Long ago, back in 2006, a scandal took place in the world of Australian reality television, that spilled over into greater society. This is an incident that is still well-known in my homeland, and what inspired me to my initial passionate defense of the genre. 

Back home, the show Big Brother enjoyed relative popularity. The show is different from the format used here in the US, and rather than a once a week show that is a scheming, crazed sort of Real World, it is a seven-day a week crazed, alcohol-fuelled, sex romp sort of Real World. The basic premise was that 16 people are locked in a house with cameras on them at all times. They have no contact at all with the outside world, have to participate in various bizarre tasks and once a week nominate housemates to be evicted, whom the public vote out. They aren’t allowed to scheme, or discuss any of this with other housemates, and the last person in the house wins $250,000 (up to $1 million in the shows later seasons).

I tried not to be (like with all my reality endeavours), but ultimately ended up being hooked.
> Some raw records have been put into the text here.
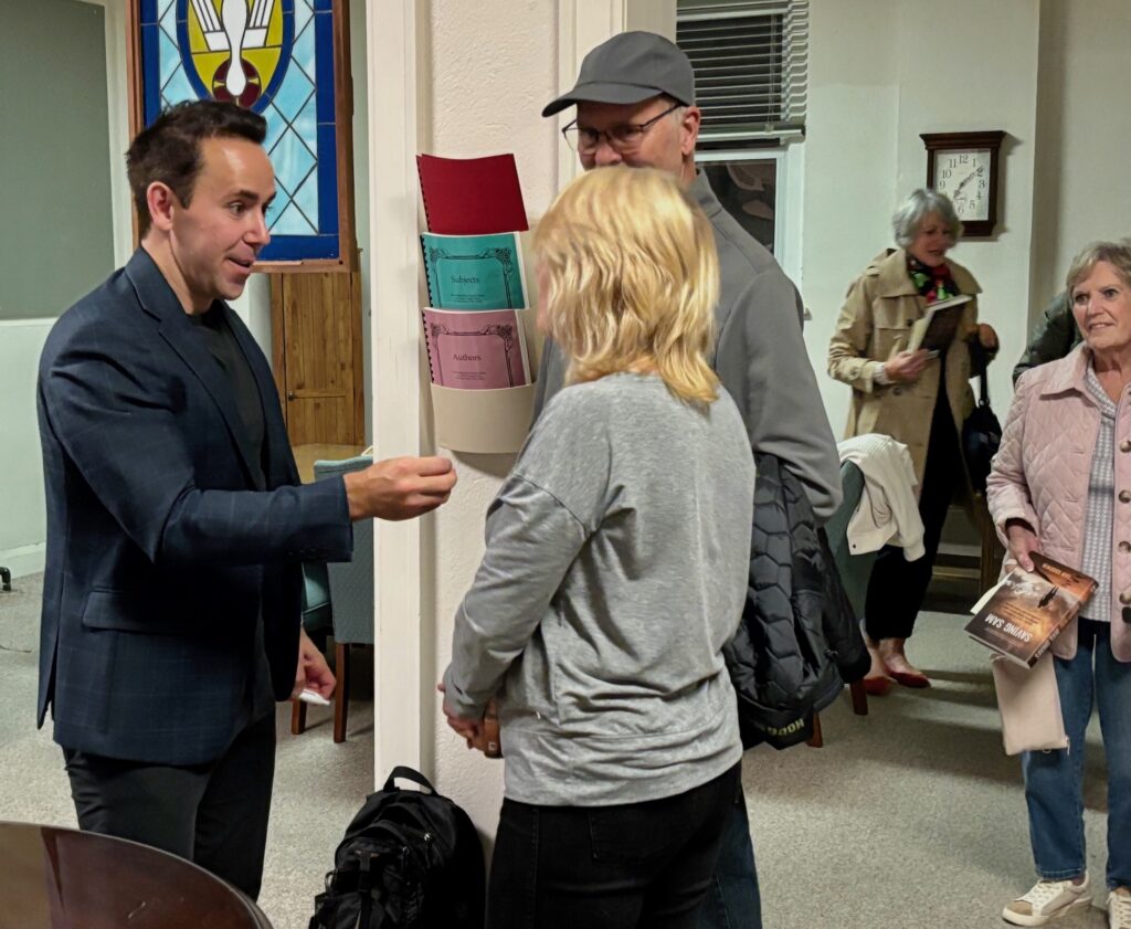 Sam Goodwin talks with a couple during the meet and greet portion of the library’s author event.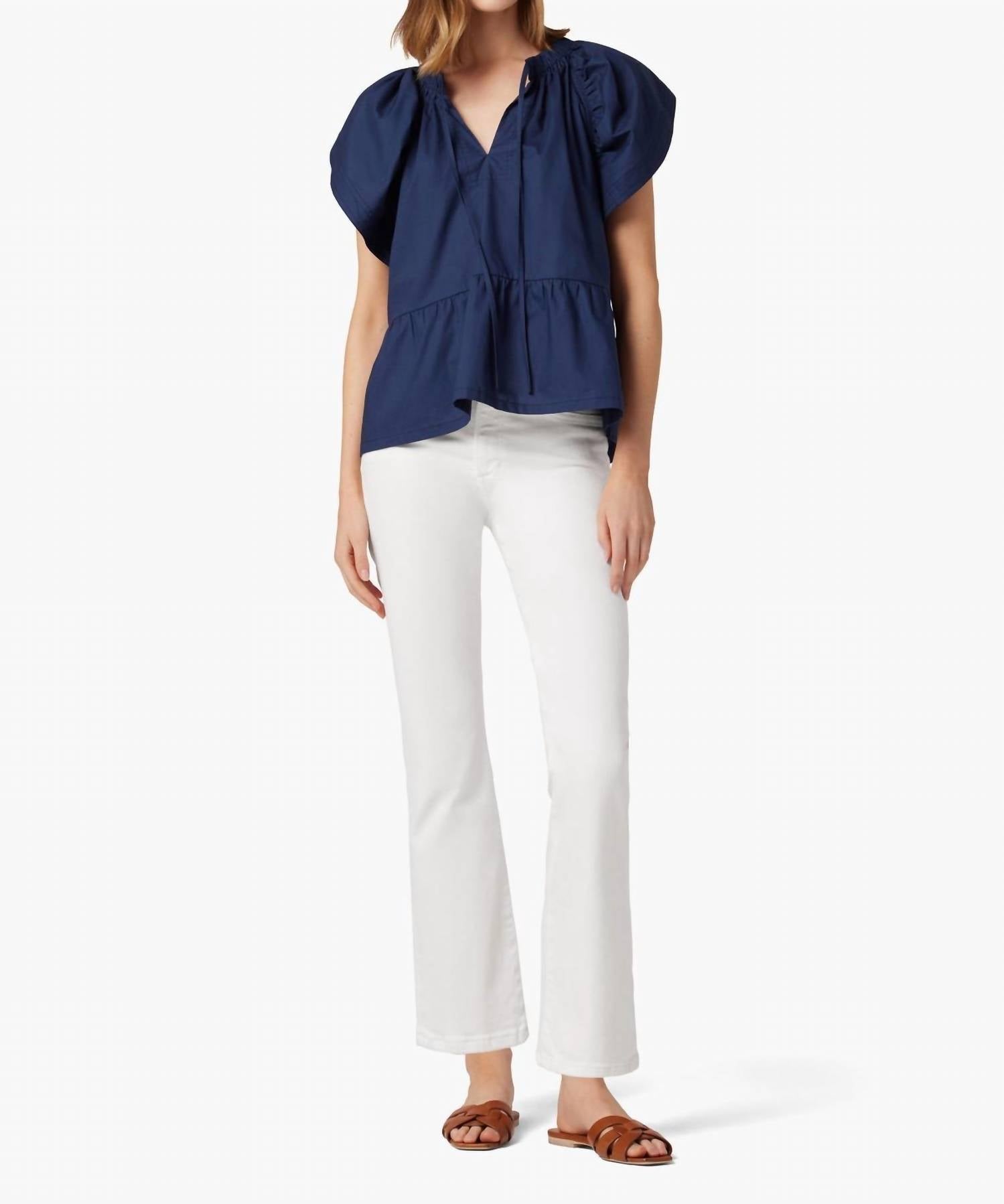 Descubra a Calça Jeans Cropped Boot Callie High Rise da Joe's Jeans, uma opção estilosa de cintura alta em branco óptico, perfeita para a primavera. Com 25 cm de altura e 67 cm de costura interna, esta calça jeans apresenta uma mistura de algodão: 90% algodão, 8% poliéster Repreve e 2% elastano para elasticidade e conforto ideais. Apresenta corte regular, perna larga e bolsos. Fechamento: Botão. Ideal para ocasiões de noivado e para adicionar um toque moderno de workwear ao seu guarda-roupa.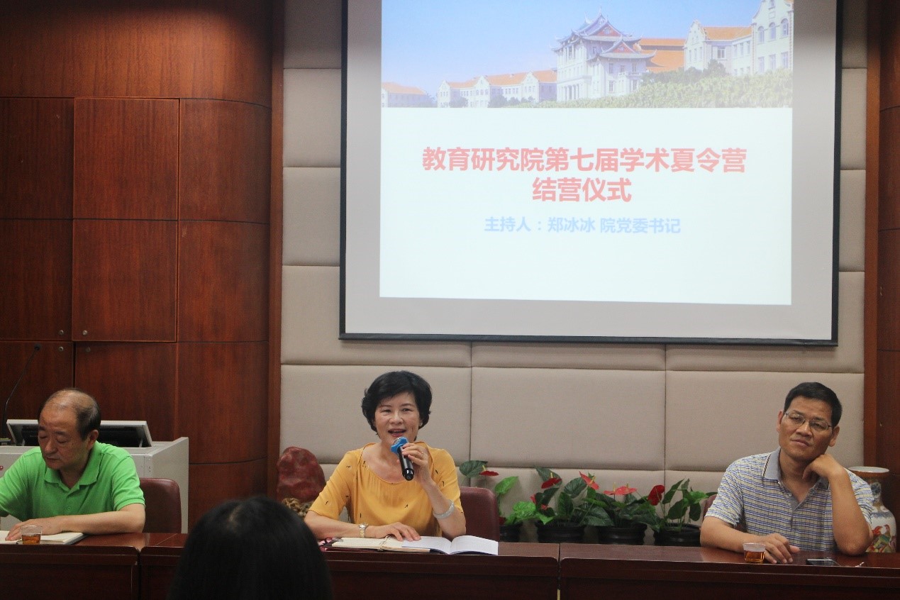 2019年7月18日上午,我院在502报告厅举办第七届学术夏令营结营仪式。本次结营仪式由院党委书记郑冰冰主持,副院长王洪才教授、党委副书记傅伯奇、徐岚副教授出席了此次结营仪式。

Unlike with many of the other shows I watch however, this one had almost no redeeming qualities. It didn’t bring up any real issues of quality, it wasn’t a terribly representative slice of Australian life. I just liked watching loud, lazy people sitting on the couch complaining about other loud, irritating people not doing the dishes/disrespecting them/taking the good beanbag next to the pool in between talking about orgasms. Then came the turkey slapping incident.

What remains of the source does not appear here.